LONDON (Reuters) – Britain is unlikely to lift its stringent lockdown rules until the end of May, a leading government adviser said on Saturday, warning that the spread of coronavirus must first slow and intense testing be introduced.
A sign displaying a message asking for people to stay home is seen next to the A55 as the spread of the coronavirus disease (COVID-19) continues, Holywell, Wales, Britain, April 4, 2020. REUTERS/Carl Recine
The government has put Britain into a widespread shutdown, closing pubs, restaurants and nearly all shops, while ordering people to stay home unless absolutely essential to venture out.
The order is designed to curb the spread of COVID-19 in the country, which has almost 40,000 confirmed cases and 3,605 deaths, but some experts have started to question whether the shuttering of the economy will cost more lives in the long run.
“We want to move to a situation where at least by the end of May we’re able to substitute some less intensive measures, more based on technology and testing, for the complete lockdown we have now,” Neil Ferguson, a leading professor of mathematical biology at Imperial College London, told BBC Radio.
Britain initially took a restrained approach to the outbreak but Prime Minister Boris Johnson changed tack and imposed stringent social-distancing measures after Ferguson’s modeling showed a quarter of a million people in the country could die.
The response has since been hampered by a lack of ventilators and an inability to carry out mass testing to determine whether the public, and particularly health workers, have built up an immunity.
A second senior government adviser, the chief pandemic modeler Graham Medley, said he feared Britain had painted itself into a corner, with no clear exit from a strategy that would damage the economic and mental well-being of many people.
Almost one million people have applied for welfare benefits in just two weeks in Britain, according to official data that shows the economy is set for a depression that could be worse than the slump in the 1930s.
“If we carry on with lockdown it buys us more time, we can get more thought put into it, but it doesn’t resolve anything – it’s a placeholder,” Medley told the Times newspaper.

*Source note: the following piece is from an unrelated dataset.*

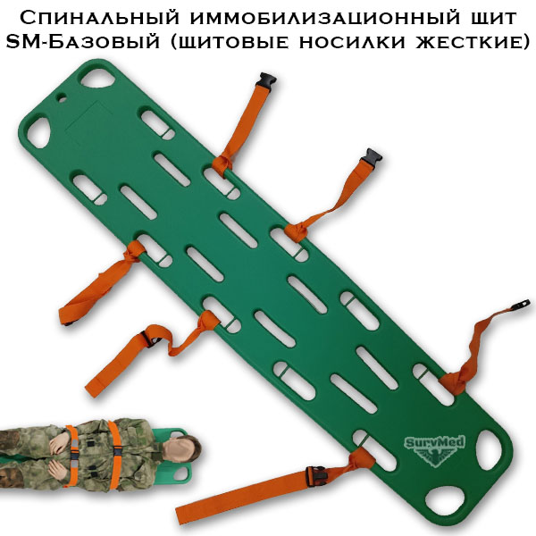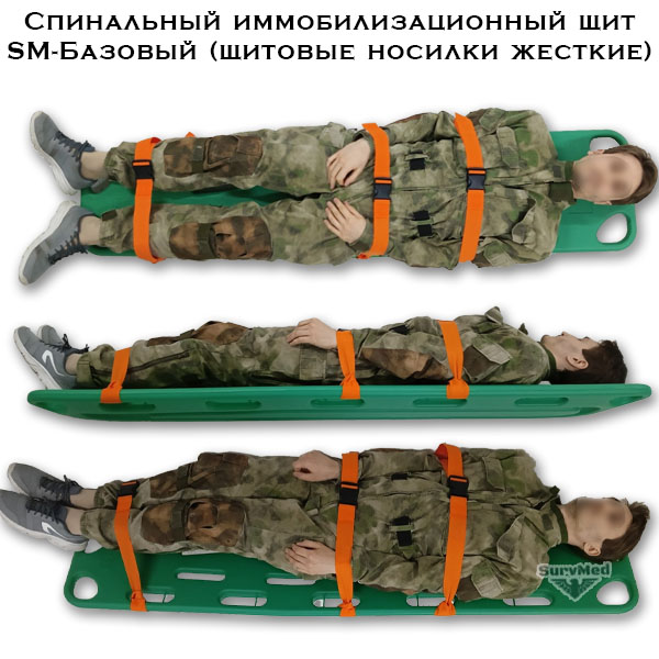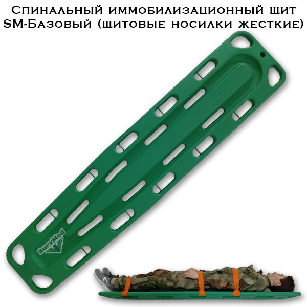 Спинальный иммобилизационный щит SM-Базовый предназначен для переноски и транспортировки пострадавших с травмами шейного, спинного и тазового отдела, а также травмах позвоночника. С его помощью раненого можно перенести на жесткой ровной поверхности, не меняя форму его тела и не позволяя голове\спине двигаться и изгибаться, что может ухудшить состояние больного.

“We’ve kind of painted ourselves into a corner, because then the question will be, what do we do now? In broad terms are we going to continue to harm children to protect vulnerable people, or not?”
Health minister Matt Hancock has set a goal of 100,000 tests per day by the end of this month, a tenfold increase that industry leaders have questioned due to shortages of specialist chemicals and testing kits. It is also considering immunity certificates.
Medley said the antibody tests could help but were not working so far.
Separately the government said it would free prisoners who were deemed to be low risk and were within weeks of release.